I had a lot of positive feedback on the post I did about free SEO tools a while back, so I thought I’d give you a few more to consider. I can’t guarantee the accuracy of them, though they’re probably accurate enough. I just can’t guarantee them. However, they will help you to find things you want to know and all for free.
Here are the sites I tested today:
This site is really interesting, as there are so many free tools to choose from. I particularly like the plagiarism checker. I work with several content writers and before I really get to know them well and trust them, I run things through a duplicate content check. If you have writers writing for you, this should be something you do, too. Nobody wants re-hashed PLR articles, especially when they’re paying to get them.
Another fine tool is the keyword position checker. It will help you to check up to the first 10 pages at Google, Yahoo, and Bing for whatever keywords you choose. It takes awhile to report, but I can see its usefulness.
This site also has a backlink checker, a Google page rank checker, and even a reverse IP tool. Pretty sweet… all free.
I have loved this site for years. It has some of the kickin’ -est free SEO tools around. The keyword suggestion tool is the best, and it really pulls in almost everything you can think of but the kitchen sink. From WordTracker to Quintura to tons of links that lead to myriad clues at the bottom of the results page, it’s really bomb. Not for beginners, unless they’re adventurous, but this tool is definitely Top 5.
You can also get a meta tag generator, keyword density analyzer, spider test tool, and more. You get a LOT for free at SEOBook, but there’s a premium version, where you get stuff like competitive research tools and such, too. it’s totally awesome
Plus, the blog is great for keeping up-to-date on search trends.
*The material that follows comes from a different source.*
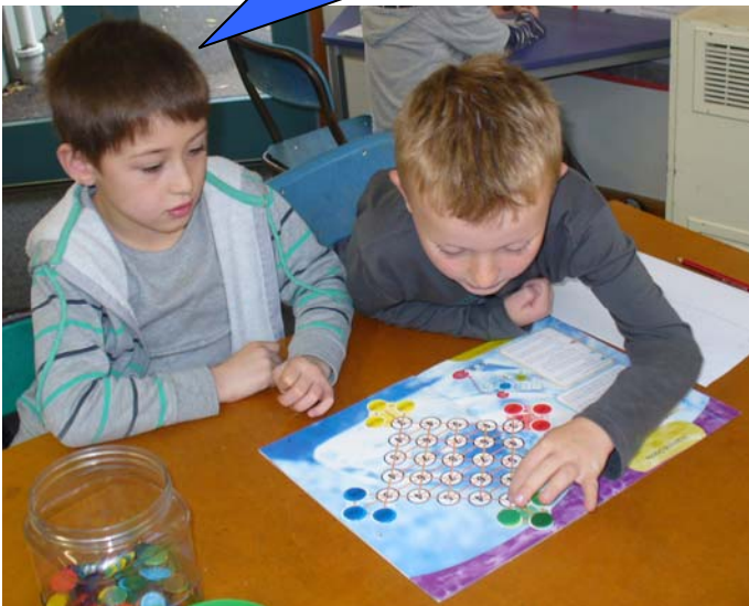
Mathematical thinking and learning. See more on page 2.

We are practising our adding basic facts by playing Diamond Dazzle

I read it regularly.
This is a great free SEO tool in that it goes through any site and checks for broken links, spider traps (endless loops) and gives you a spreadsheet with all of the problems listed. If you have a big site, Xenu takes a long time to run, but it can be sooo worth it.
Google really doesn’t like it when your site has too many 404s (as in broken links). Checking regularly to assure that all your links are live and well is a pretty good idea.
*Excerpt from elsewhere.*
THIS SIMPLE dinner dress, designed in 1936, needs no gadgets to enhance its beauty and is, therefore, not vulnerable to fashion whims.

Plus, spider traps are really bad. They can really make your SEO life hell, if you don’t know about them and fix them. I run Xenu periodically to be sure that everything inside the site is ship shape.
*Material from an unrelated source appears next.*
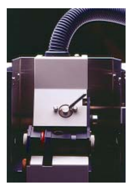
The GF3000 graphite furnace workhead

The provision of two gas supplies gives maximum flexibility for handling the widest range of samples.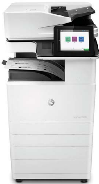
HP LaserJet Managed MFP E72530dn

Businesses that stay ahead don't slow down. It's why HP built the next generation of HP LaserJet MFPs—to power productivity with a streamlined design that delivers premium quality, maximum uptime, and the strongest security. 1

That’s enough for one day. All of these free tools are really bomb and the first two have great things inside for you to check out. It will take you a good long while. So, I’ll be back with more sites and free SEO tools, but I encourage you to try all of these today.
Howdy this is somewhat of off topic but I was wondering if blogs
use WYSIWYG editors or if you have to manually code with HTML.
I’m starting a blog soon but have no coding knowledge so I wanted to get advice from someone with experience. Any help would be greatly appreciated!
Hi, Jeanne?
Yes… All blogs use WYSIWYG editors, as well as HTML. In WordPress, you can get editors with more WYSIWYG punch, too. Hope that helps!